I initially tried following the instructions here http://wiki.g2.bx.psu.edu/Tool%20Shed#Including_proprietary_data_types_that_... and was able to successfully get my custom datatypes to load. Unfortunately though I could not get my sniffers to work. I think there are two reasons for this;
The first problem is that it looks like the sniffers are never loaded.
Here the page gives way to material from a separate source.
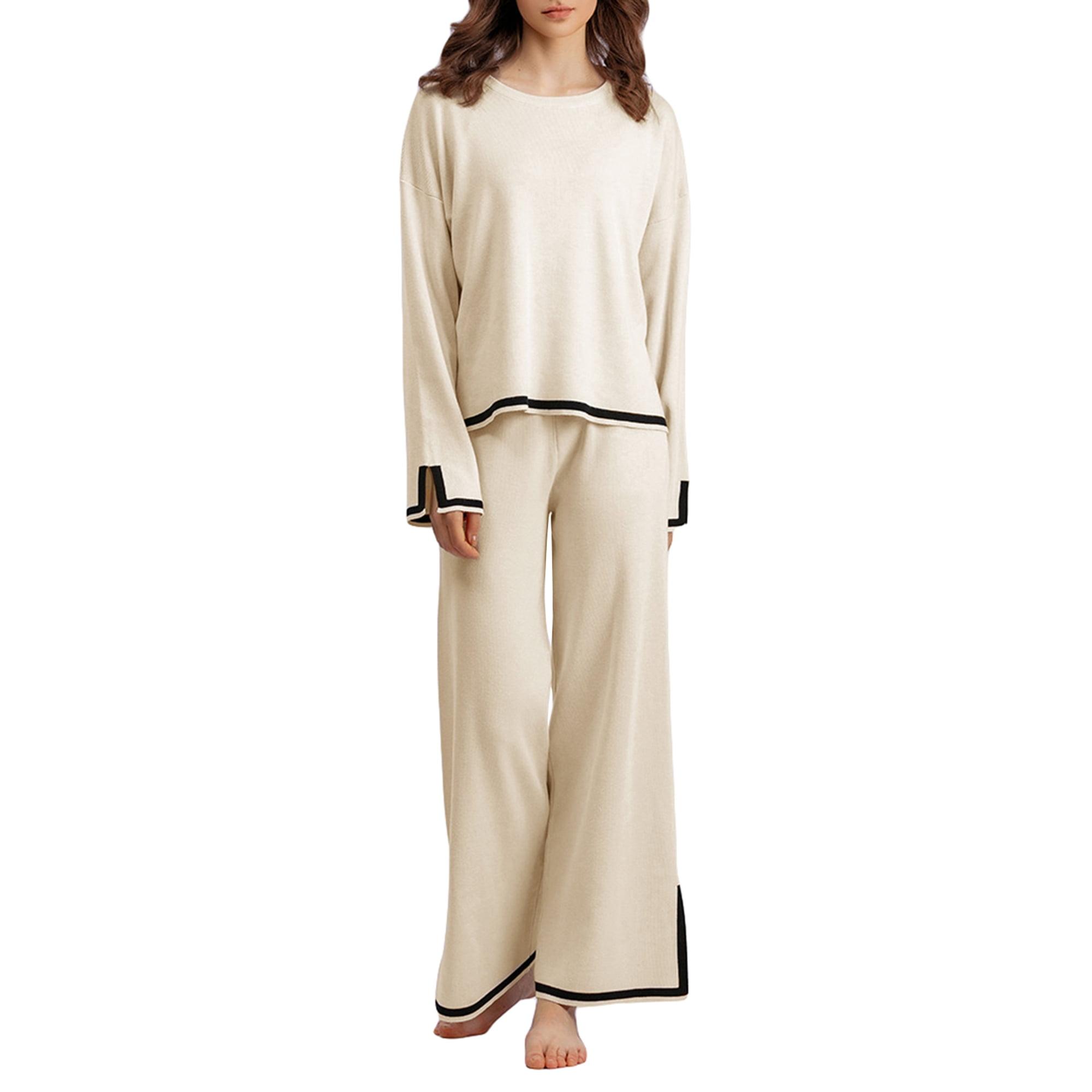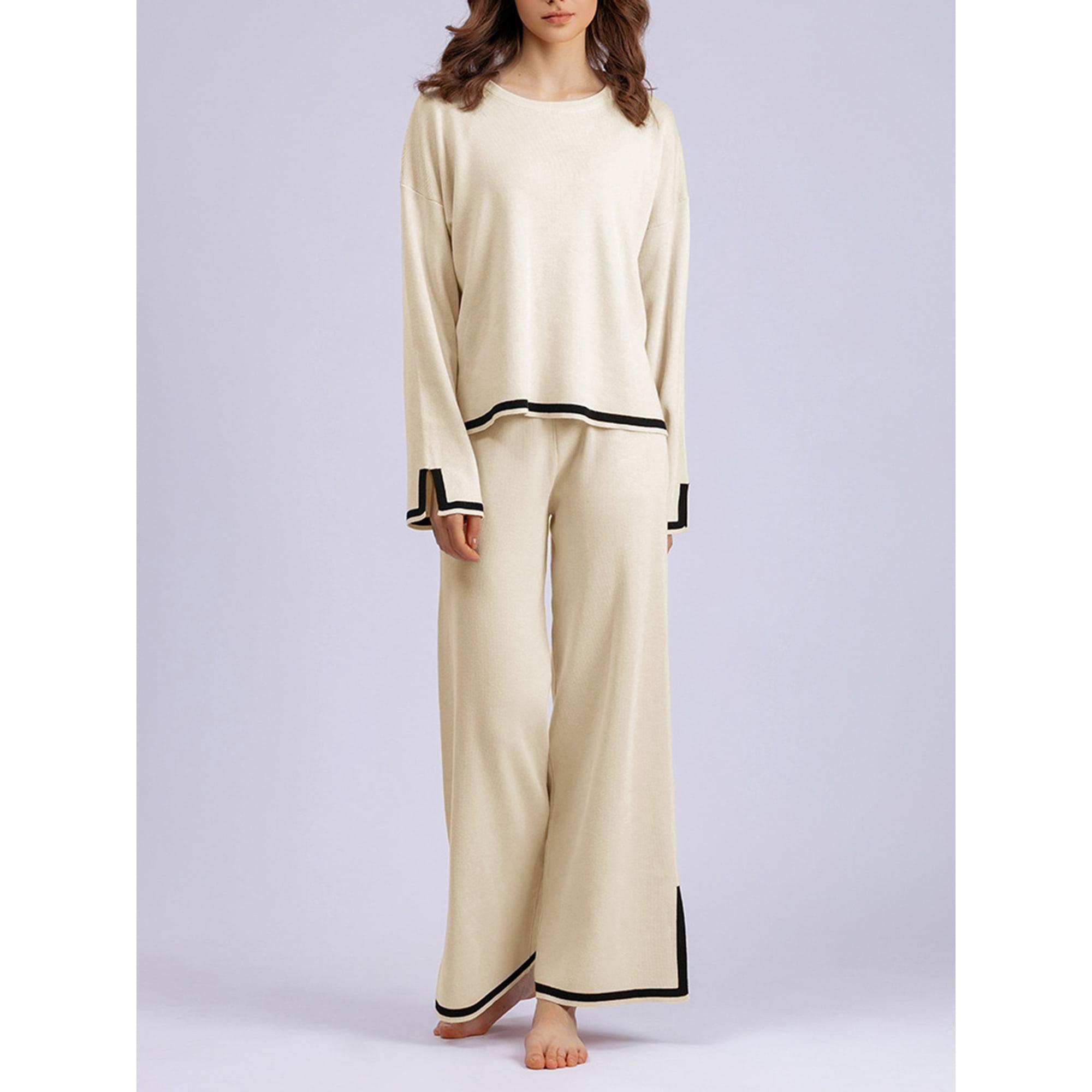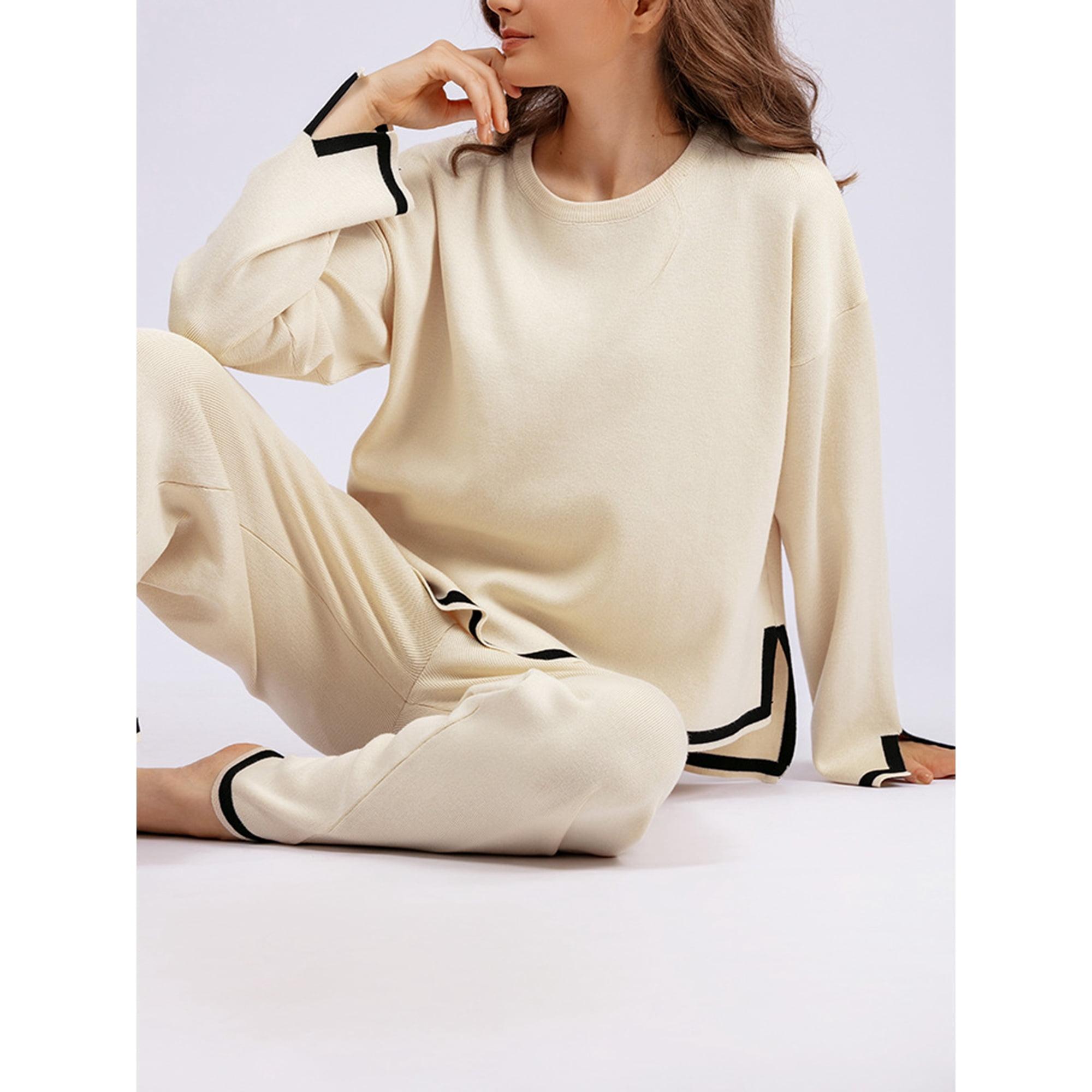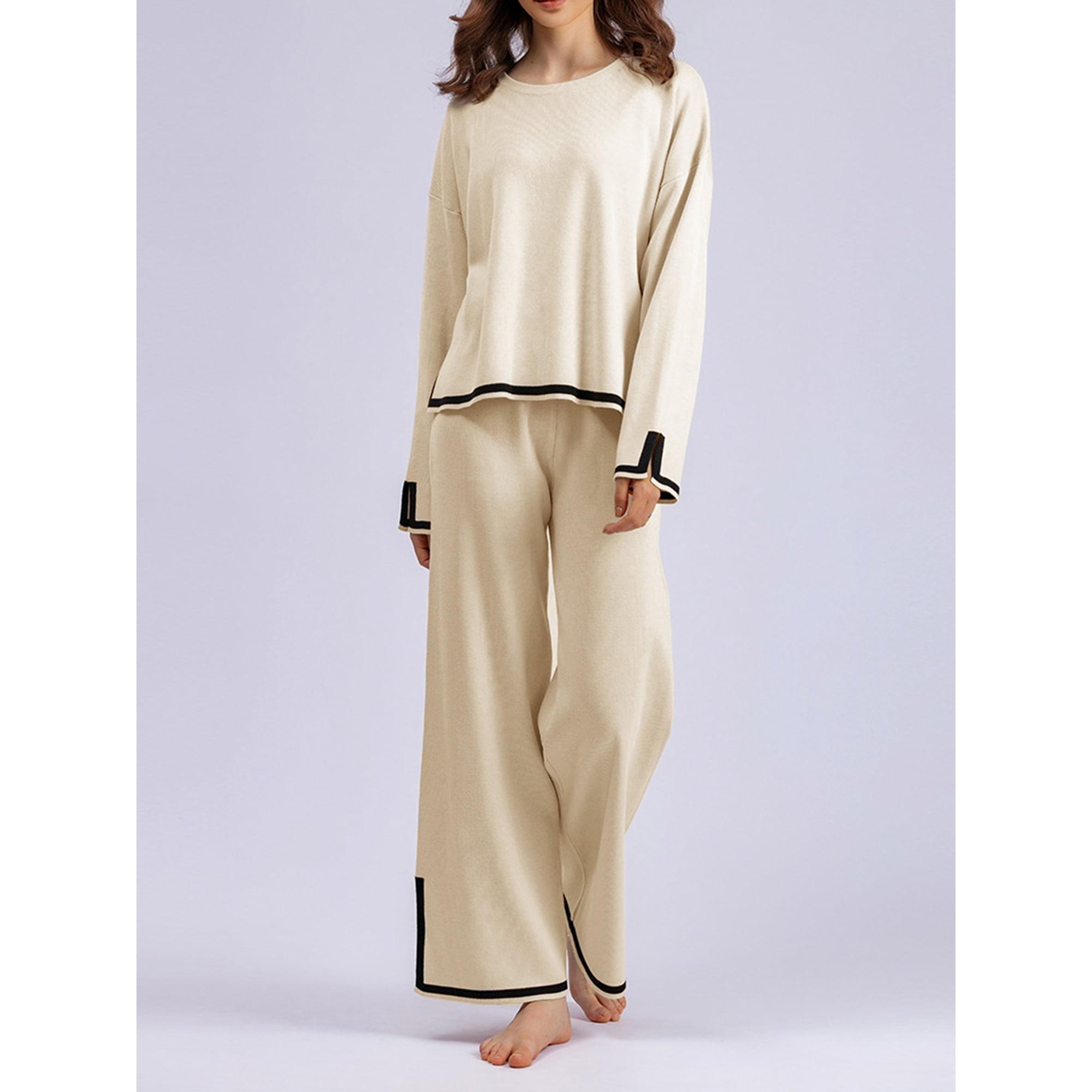 Gwiyeopda Knit Lounge Sets for Women 2 Piece Long Sleeve Contrast Color Pullover Sweater Top and Wide Leg Pants Set Streetwear

I get errors like this when the tool is loaded;
galaxy.datatypes.registry DEBUG 2012-02-06 10:26:51,317 Loading datatypes from /Users/iracooke/Sources/shed_tools_galaxy_central/toolshed.g2.bx.psu.edu/repos/jjohnson/gmap/93911bac43da/gmap/tool-data/datatypes_conf.xml galaxy.datatypes.registry WARNING 2012-02-06 10:26:51,318 Error appending sniffer for datatype galaxy.datatypes.gmap:IntervalAnnotation to sniff_order: No module named gmap galaxy.datatypes.registry WARNING 2012-02-06 10:26:51,319 Error appending sniffer for datatype galaxy.datatypes.gmap:SpliceSiteAnnotation to sniff_order: No module named gmap galaxy.datatypes.registry WARNING 2012-02-06 10:26:51,319 Error appending sniffer for datatype galaxy.datatypes.gmap:IntronAnnotation to sniff_order: No module named gmap galaxy.datatypes.registry WARNING 2012-02-06 10:26:51,319 Error appending sniffer for datatype galaxy.datatypes.gmap:SNPAnnotation to sniff_order: No module named gmap
These errors aren't just restricted to my tool ... as you can see from the above they also occur in the gmap example installed from the main galaxy toolshed.
I tried hacking the code in registration.py to get this to work ... it looks like the section where sniffers are loaded does not use the "imported_modules" variable. I was able to get this error message to go away, but I still don't get proper sniffer behaviour (eg when I click "Auto detect" when editing a dataset the dataset is set to a generic type).
Another issue is that I would like the sniffers loaded from my shed_tool to be used by the "Upload" tool .. but if I look at the source for upload.py and upload.xml I see
-- Upload.xml <command interpreter="python"> upload.py $GALAXY_ROOT_DIR $GALAXY_DATATYPES_CONF_FILE $paramfile
--Upload.py def __main__():
....
registry = Registry() registry.load_datatypes( root_dir=sys.argv[1], config=sys.argv[2] )
which looks like the upload tool is not configured to use the custom datatypes available in shed tools.
Would it be possible to make the following changes;
(a) Add custom sniffers to the sniff order when shed tools are loaded. Importantly since custom datatypes are usually quite specific I would suggest that these are loaded at the top of the sniff order? Or alternatively if a sniffer is for a datatype that descends from a superclass it should have priority over the parent class (since by definition it is more specific).
(b) Change the upload tool so that it respects custom sniffers in shed tools.
I guess that our case is a bit unusual in that we are trying to co-opt galaxy ( a genomics tool) to do proteomics ... so I understand that these changes might not be a priority. Nevertheless, if this could be done it would be fantastic for us as we could abandon our fork and have all our functionality included in a shed tool.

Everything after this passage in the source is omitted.